Despite denials by its veterans, the Latvian Waffen SS unit helped round up Jews for deportation to Nazi extermination camps.
‘YOU’RE TRYING TO JUSTIFY THE CRIMES OF THE NAZIS’: RUSSIA’S FURY AFTER NEIGHBOR LATVIA PLANS TO HOLD RALLY TO COMMEMORATE SS
By Will Stewart
Mail Online
March 1, 2012
MOSCOW -- Russia today accused its tiny neighbor Latvia of making 'attempts to whitewash Hitler’s flunkeys' by allowing a parade which honors the role of the Baltic state’s veterans who fought for the Nazis in the Second World War.
In a furious outburst, Moscow accused the country’s president of seeking to 'justify the crimes' committed by 'collaborators' in the Latvian legion of the Waffen SS, and warned of the risk of 'glorification of the Nazi movement'.
The blast from the Russian foreign ministry against the EU and NATO state came after the go-ahead for an annual rally on March 16 to commemorate the 140,000-strong Latvian unit of Germany’s Waffen SS.
Latvian President Andris Berzins claimed the veterans deserved respect not condemnation, arguing that the Second World War recruits fought on the Nazi side in a bid to regain independence for their own country, which had been overrun by Stalin’s USSR.
'They were conscripted into the fascist German Legion. They went with the ideal of defending Latvia. Latvians in the Legion were not war criminals,' he said.

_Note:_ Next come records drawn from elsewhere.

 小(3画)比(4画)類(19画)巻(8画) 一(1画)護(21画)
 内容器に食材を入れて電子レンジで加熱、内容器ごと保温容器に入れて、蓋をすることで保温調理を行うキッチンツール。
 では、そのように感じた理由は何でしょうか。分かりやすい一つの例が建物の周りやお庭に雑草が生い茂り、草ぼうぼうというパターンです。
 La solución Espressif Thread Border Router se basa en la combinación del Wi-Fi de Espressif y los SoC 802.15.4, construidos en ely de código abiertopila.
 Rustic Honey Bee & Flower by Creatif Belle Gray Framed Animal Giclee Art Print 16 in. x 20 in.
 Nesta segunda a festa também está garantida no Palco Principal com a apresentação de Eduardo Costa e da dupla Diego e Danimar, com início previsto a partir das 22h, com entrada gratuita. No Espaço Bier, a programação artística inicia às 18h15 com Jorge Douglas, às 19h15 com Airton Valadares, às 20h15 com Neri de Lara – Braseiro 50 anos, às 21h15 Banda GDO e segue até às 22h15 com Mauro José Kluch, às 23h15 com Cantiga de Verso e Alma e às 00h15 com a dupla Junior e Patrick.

'Remarks by Latvian President Andris Berzins expressing sympathy for Latvian Waffen-SS veterans are inconsistent with the status of the country as a democratic state,' said Russian foreign ministry spokesman Alexander Lukashevich.

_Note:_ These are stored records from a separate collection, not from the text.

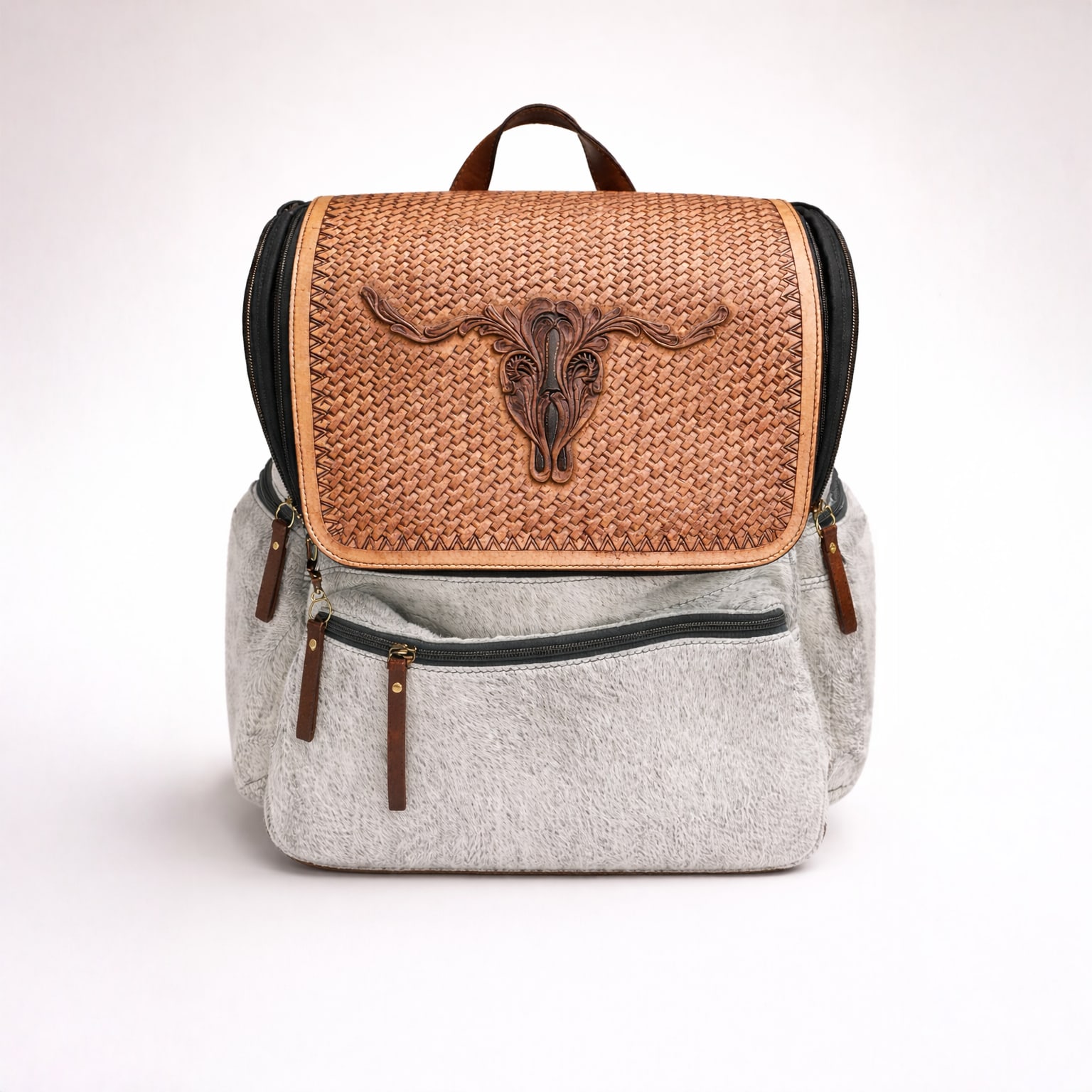 SAVE 25%A premium handcrafted backpack made from authentic buffalo hide leather featuring natural black and white hair-on-hide texture. The bag is highlighted by a beautifully hand-tooled brown leather flap with intricate floral carvings, showcasing traditional leather craftsmanship. Designed for both style and durability, this backpack includes multiple zippered pockets for organized storage, adjustable leather shoulder straps for comfort, and strong stitching for long-lasting use. The natural hair-on-hide pattern makes every bag unique, giving it a distinctive luxury appearance. Perfect for travel, daily use, college, or fashion styling, this backpack blends rustic elegance with modern functionality.
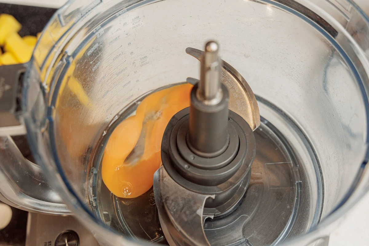 Добавьте соус терияки, чёрный перец, соль и чеснок, снова перемешайте комбайном до однородности.
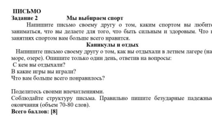 Это лето я провела в летнем лагере. Было очень весело и интересно. В первый день мы собрались и отправились на озеро. Со мной были мои одноклассники и наша вожатая Мария.
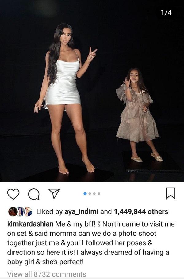 According to Kim, North, who came to visit her on set, suggested they do a photo shoot together. Direction for the poses were all North’s idea leaving Kim to follow her lead.
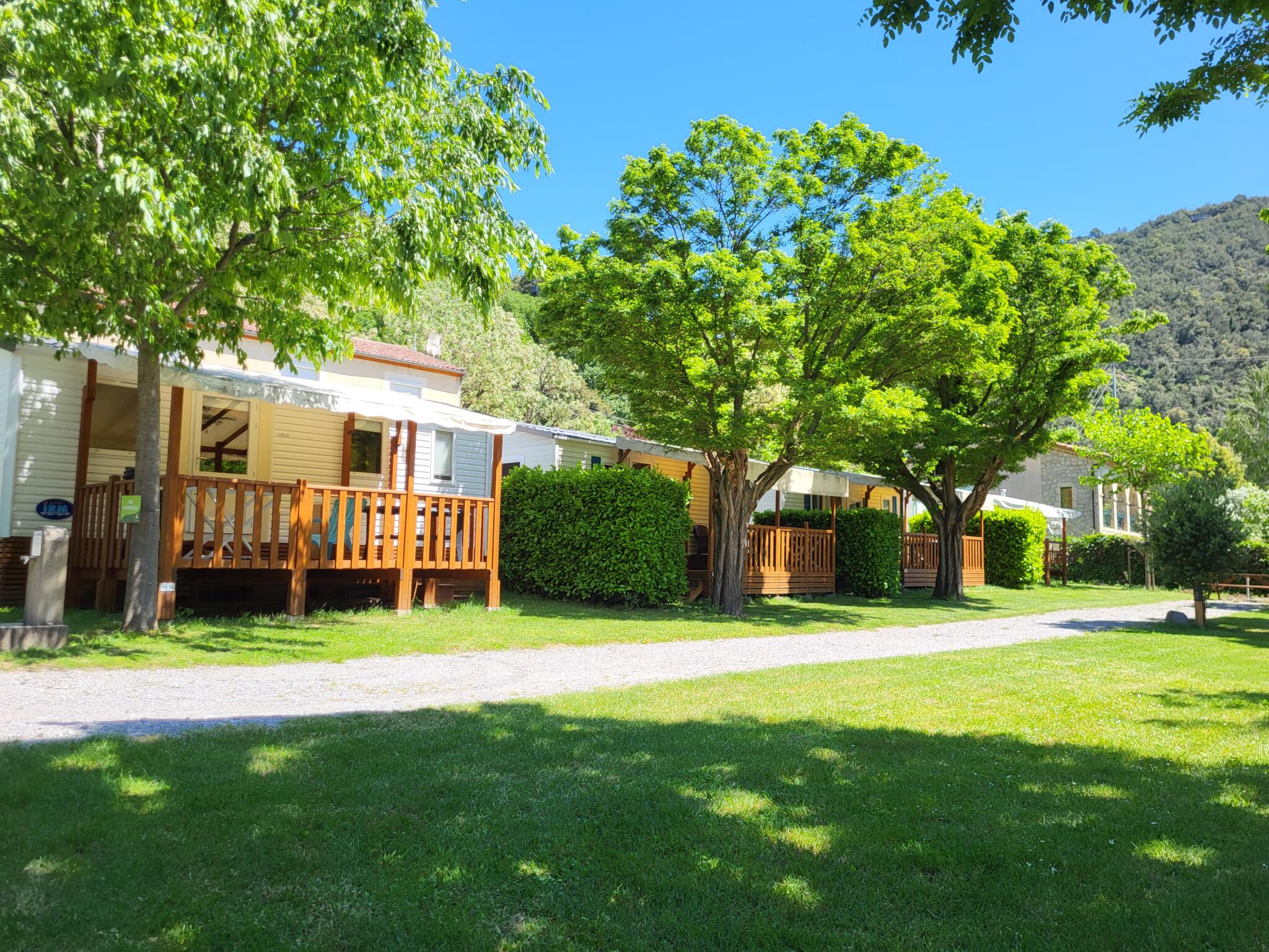 Camping familial, calme et ombragé, plage de sable privée le long de l'Ardèche. A proximité des sites touristiques et proche de tous commerces.
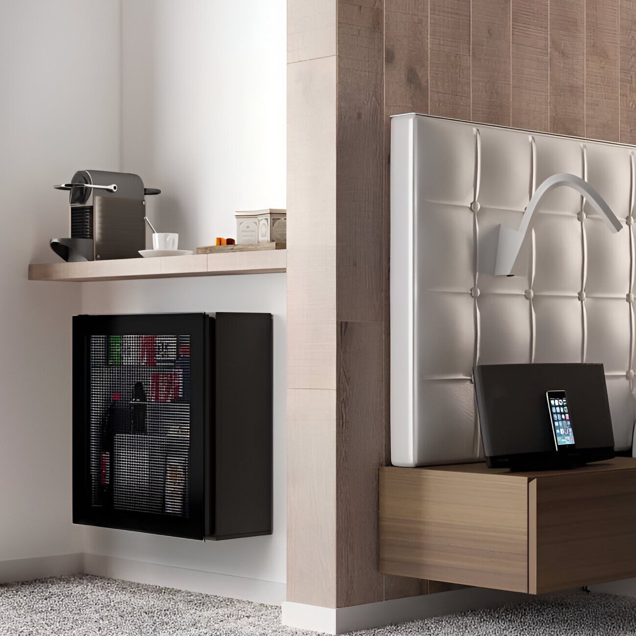 Découvrez le INDEL B FlyingBar, le minibar mural le plus fin au monde, alliant design italien et technologie intelligente. Avec sa porte vitrée et son système de refroidissement économe en énergie (Classe A+), il s'adapte à tous les espaces et offre une accessibilité optimale pour vos invités.
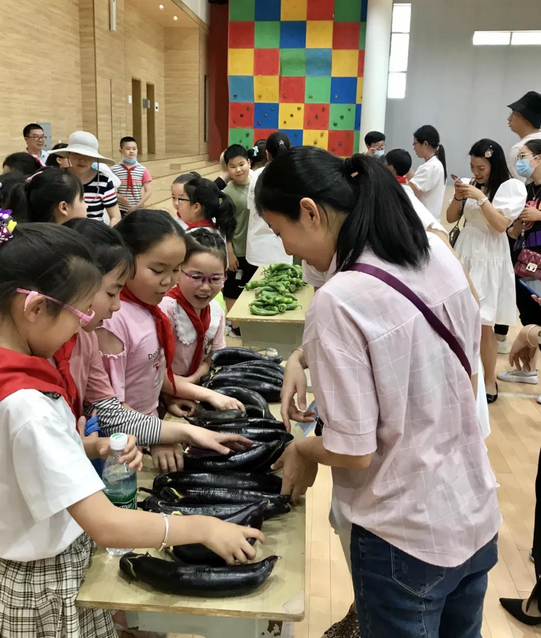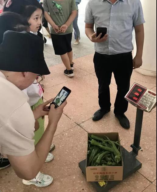 虽然孩子们的小手上沾满泥土,裹着汁液,但丰收的喜悦在他们的脸上洋溢开来。采摘完毕,各班有序的在一楼食堂集合,将蔬菜瓜果进行称重、捆扎,再到室内篮球场商讨义卖方案,分区域摆放,等待家长们前来购买。

He alleged the Latvian SS forces had committed atrocities on civilians in the ex-USSR while under Hitler’s command.
'Attempts to justify the crimes of the Latvian volunteer SS legion against the peaceful population of the Novgorod and Pskov regions and Belarus - and in the Riga ghetto - are sacrilegious and amoral and naturally cause profound indignation in Latvia and abroad,' he said.
He accused Latvia of flouting a UN resolution, and a European Commission demand 'which express serious concern over glorification of the Nazi movement, of former Waffen-SS members and local collaborationists'.
The Soviets seized Latvia in summer 1940 under a secret pact with Hitler. The deal broke down the following year when Germany invaded Soviet territory, with some Latvians hailing the Nazis as liberators.
Just a week earlier, Stalin had deported 15,000 Latvians to Siberia.
But the invading Nazis brought in their own reign of terror, killing 70,000 Jews, helped by local collaborators.
SS veterans insist they were not Nazis and that their legion was founded in 1943, after most of Latvia’s Jews were slaughtered.
As the Nazis were crushed, Stalin re-invaded Latvia, which remained in the Soviet Union until declaring independence in 1990.